### What you will do:
Leave out every picture, and return exactly the lines from the line containing "permanent card. |" through the end of the records below, both inclusive.

### The input:
════

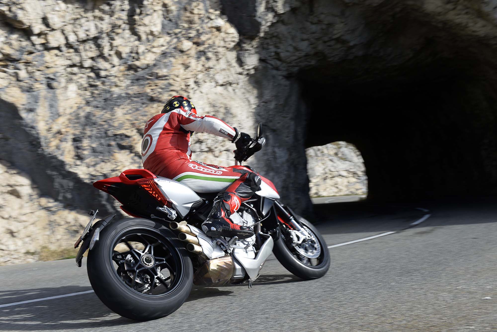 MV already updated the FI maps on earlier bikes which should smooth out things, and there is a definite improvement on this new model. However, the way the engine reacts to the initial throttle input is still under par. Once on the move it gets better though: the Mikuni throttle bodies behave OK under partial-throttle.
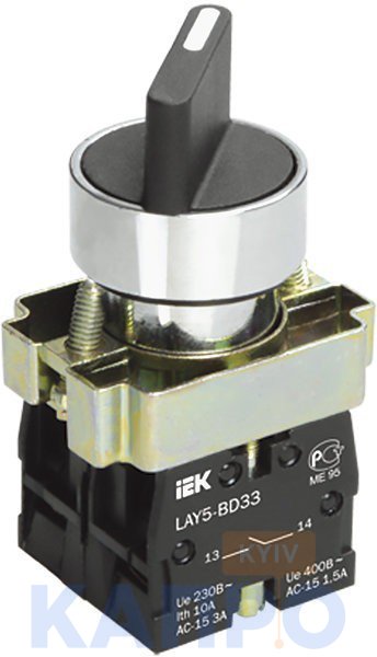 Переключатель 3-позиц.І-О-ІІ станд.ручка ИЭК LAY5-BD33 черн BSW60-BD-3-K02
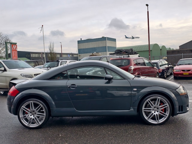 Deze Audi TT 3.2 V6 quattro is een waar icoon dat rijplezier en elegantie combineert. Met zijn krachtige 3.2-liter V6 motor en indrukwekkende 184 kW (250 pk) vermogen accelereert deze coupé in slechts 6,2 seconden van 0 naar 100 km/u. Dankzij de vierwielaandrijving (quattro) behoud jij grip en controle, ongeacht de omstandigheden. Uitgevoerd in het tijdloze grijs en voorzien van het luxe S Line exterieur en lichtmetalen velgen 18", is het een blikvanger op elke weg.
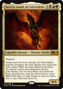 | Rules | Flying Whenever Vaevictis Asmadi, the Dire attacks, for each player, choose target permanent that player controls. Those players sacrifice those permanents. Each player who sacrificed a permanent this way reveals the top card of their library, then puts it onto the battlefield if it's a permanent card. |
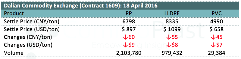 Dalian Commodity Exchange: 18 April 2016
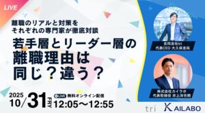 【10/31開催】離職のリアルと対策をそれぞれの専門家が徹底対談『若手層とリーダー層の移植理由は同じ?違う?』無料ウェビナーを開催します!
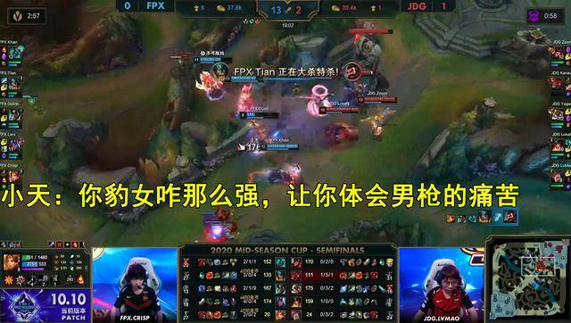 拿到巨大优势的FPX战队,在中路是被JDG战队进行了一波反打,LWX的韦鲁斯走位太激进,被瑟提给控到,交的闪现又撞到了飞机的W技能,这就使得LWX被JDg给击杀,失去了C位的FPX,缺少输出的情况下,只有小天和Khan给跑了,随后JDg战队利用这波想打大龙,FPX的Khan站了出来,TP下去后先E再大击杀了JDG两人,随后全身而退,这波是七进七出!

════

### Your response:
 | Rules | Flying Whenever Vaevictis Asmadi, the Dire attacks, for each player, choose target permanent that player controls. Those players sacrifice those permanents. Each player who sacrificed a permanent this way reveals the top card of their library, then puts it onto the battlefield if it's a permanent card. |
 Dalian Commodity Exchange: 18 April 2016
 【10/31開催】離職のリアルと対策をそれぞれの専門家が徹底対談『若手層とリーダー層の移植理由は同じ?違う?』無料ウェビナーを開催します!
 拿到巨大优势的FPX战队,在中路是被JDG战队进行了一波反打,LWX的韦鲁斯走位太激进,被瑟提给控到,交的闪现又撞到了飞机的W技能,这就使得LWX被JDg给击杀,失去了C位的FPX,缺少输出的情况下,只有小天和Khan给跑了,随后JDg战队利用这波想打大龙,FPX的Khan站了出来,TP下去后先E再大击杀了JDG两人,随后全身而退,这波是七进七出!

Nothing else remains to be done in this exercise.